* WORK ORDER: Reproduce word for word, from the entries below, the line with "HDMI USB KVM", the line with "Kısa kollu, düğmeli, V", and every line between them, and nothing more.

* INFORMATION:

┌────────

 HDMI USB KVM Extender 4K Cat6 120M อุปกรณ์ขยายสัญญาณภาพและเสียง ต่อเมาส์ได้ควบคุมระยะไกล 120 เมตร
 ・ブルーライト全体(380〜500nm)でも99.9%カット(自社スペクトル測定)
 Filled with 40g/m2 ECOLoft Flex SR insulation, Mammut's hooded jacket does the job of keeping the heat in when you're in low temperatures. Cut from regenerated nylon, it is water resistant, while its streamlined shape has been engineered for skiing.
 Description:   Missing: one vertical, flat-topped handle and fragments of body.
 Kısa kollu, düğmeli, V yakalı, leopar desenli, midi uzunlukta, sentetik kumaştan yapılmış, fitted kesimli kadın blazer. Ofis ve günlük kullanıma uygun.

└────────
┌────────

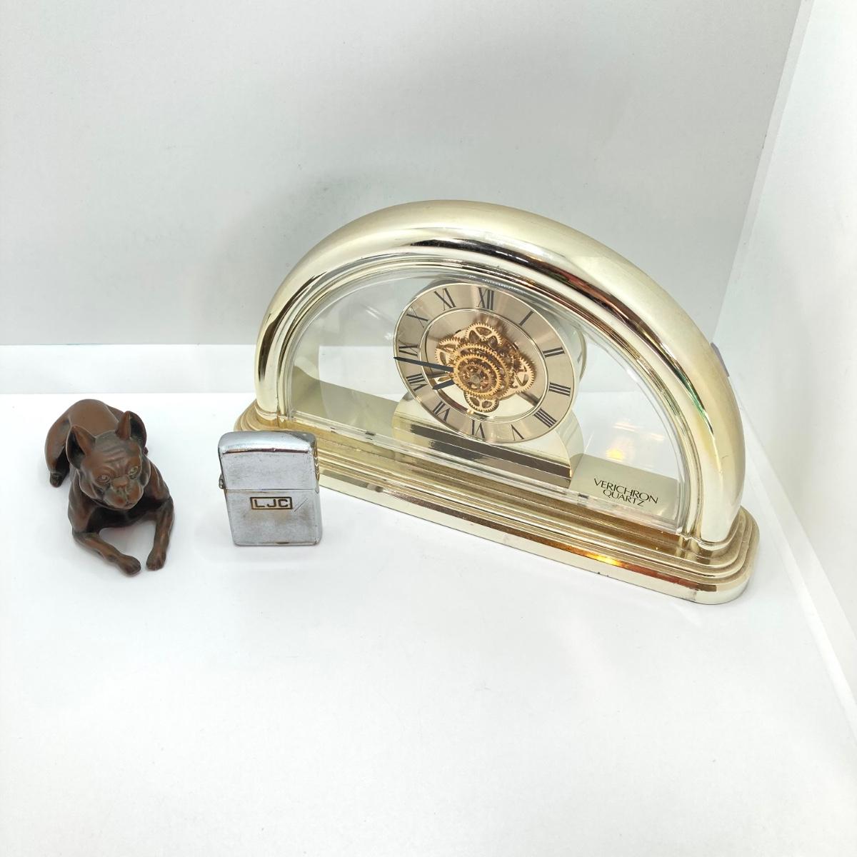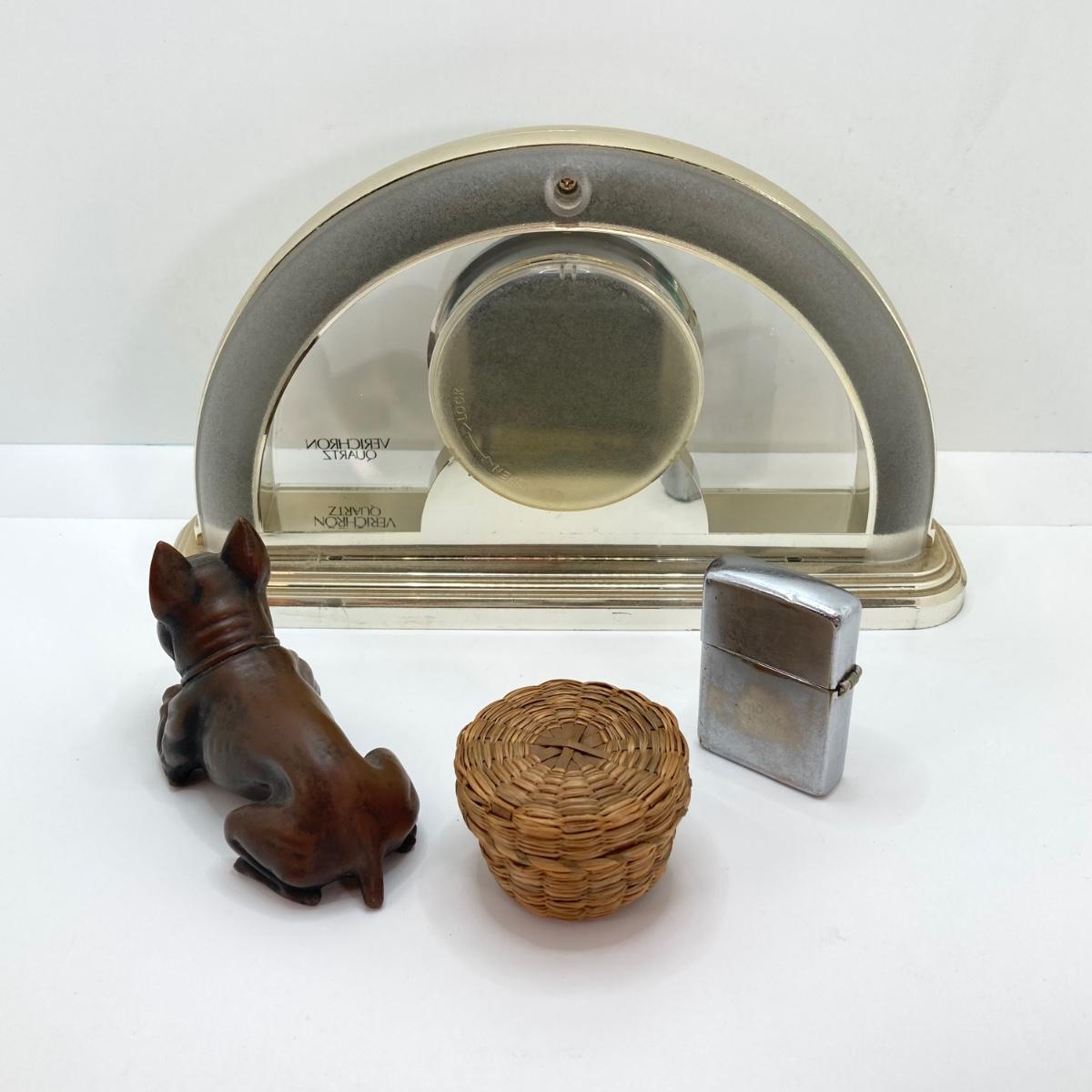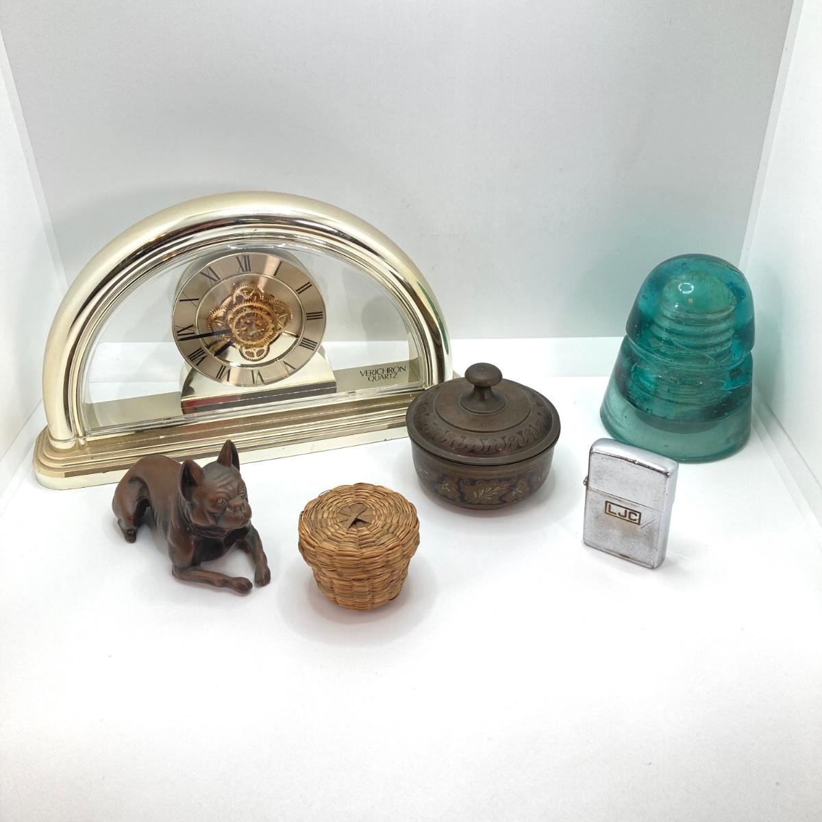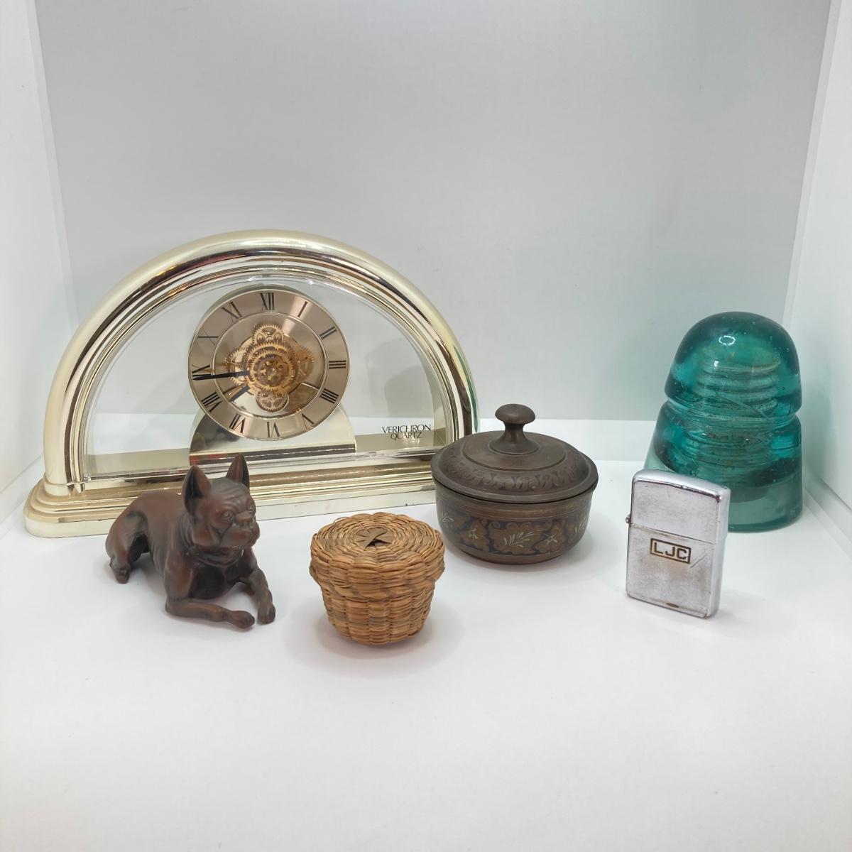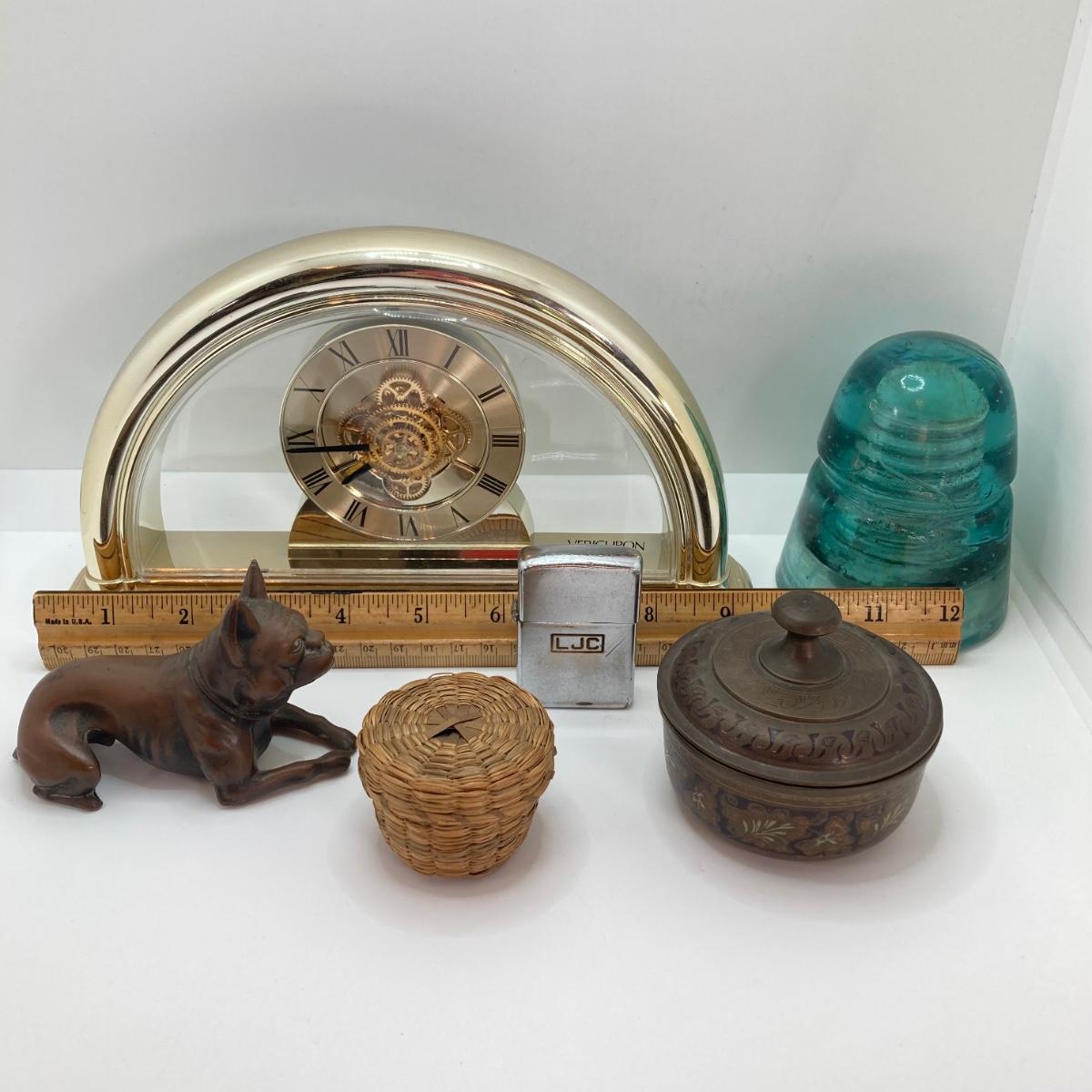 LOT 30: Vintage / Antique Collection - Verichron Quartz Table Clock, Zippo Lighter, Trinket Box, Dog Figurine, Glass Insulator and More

└────────

* ANSWER SECTION:
 HDMI USB KVM Extender 4K Cat6 120M อุปกรณ์ขยายสัญญาณภาพและเสียง ต่อเมาส์ได้ควบคุมระยะไกล 120 เมตร
 ・ブルーライト全体(380〜500nm)でも99.9%カット(自社スペクトル測定)
 Filled with 40g/m2 ECOLoft Flex SR insulation, Mammut's hooded jacket does the job of keeping the heat in when you're in low temperatures. Cut from regenerated nylon, it is water resistant, while its streamlined shape has been engineered for skiing.
 Description:   Missing: one vertical, flat-topped handle and fragments of body.
 Kısa kollu, düğmeli, V yakalı, leopar desenli, midi uzunlukta, sentetik kumaştan yapılmış, fitted kesimli kadın blazer. Ofis ve günlük kullanıma uygun.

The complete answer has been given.